On line 3 of our example, we find using namespace std. This tells the compiler that, if it can’t find a name we’re using in our code, it should look for that name in a different namespace - namely the one called std.

Namespaces are an important part of the C++ programming language: they help you to structure your programs and make sure that when you use a name, the compiler understands what you mean by that name and doesn’t confuse it for something else. Let’s say, for example, that you have two types called A one of which launches satellite into orbit while the other herds sheep. If you declare an instance of A, like this:

A a

you need to know whether you’ve just created a shepherd or a rocket. In order to be able to distinguish the two and still use them in the same file, they have to be declared in different namespaces. We’ll get to doing that later. For now, it’s just important to know that this exists.
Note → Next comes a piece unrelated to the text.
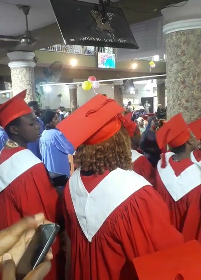 group of people wearing red graduation gowns and mortarboards in what appears to be a church. The person filming is standing behind the group. There are many people seated in the pews of the church. There is a large TV screen suspended from the ceiling. The sound of music and singing is audible.

We’re using this directive in our example because cout and endl are both declared in the std namespace, as is almost anything else that belongs to the standard library.

The `main` function

The main function is where your program starts. It is a function that returns an integer value that is used by the operating system to know whether it was successful or not. By convention we return 0 if everything was OK, non-zero (usually 1) if it wasn’t.

This function is the only function in C++ that, although it returns an integer, is not required to explicitly return it. All other functions must have a return statement to indicate the value to be returned. By convention, we will always put the return statement in, but I left it out this time to have a good reason to tell you this :)

Every program written in C++ must have a main function. It always returns int but it can take arguments as well. Valid declarations of main are:

int main()
int main(int argc, char * argv[])

Implementations may allow for other signatures as well, and common signatures are:

int main(int argc, char **argv)
int main(int argc, char * argv[], char * env[])

but the standard **[basic.start.main]** only says that any implementation must accept the first two.

You may have noted the way I quoted the standard: **[basic.start.main]**. I do this like this because a new version of the standard is coming soon (hopefully) and chapter and section numbers may change, but section identifiers usually don’t. If you get a PDF version of the standard, you can search it for the tag I use - it will appear in it in exactly the same way.

Implementation

When the standard that defines C++ talks about an implementation, it means the same thing as we generally mean by a combination of the pre-processor, the compiler and the rest of the building machinery, the standard library and the services provided by the run-time library and operating system.

`cout << "Hello, world!" << endl;`

On line 7 of our example, we do the actual work of this program: we output a text. We do this by using an overloaded operator<< and an output stream.

overloading

C++ allow you to define more than one version of almost any function, based on the types of its arguments. It allows this for member functions (functions that are part of a class, also called methods) as well as non-member functions (functions that are not part of a class) and operators. An operator is a special kind of function that is called by using one of the math symbols (such as less-than <, greater-than >, plus +, minus -, etc.) or one of the words reserved for that purpose (such as new and delete). In this case we used operator <<

Overloading is an important feature of C++, as is operator overloading. It allows you to write code that is much more readable than it might be if this were not possible (such as in C).

Conclusion

So, we now have our very first program in C++ and we’ve seen that it actually exercises a lot of features from C++ - and we’ve only touched the tip of the iceberg.

Try having some fun with this: make it say something different, or make it say something more than once. We’ll look into loops next.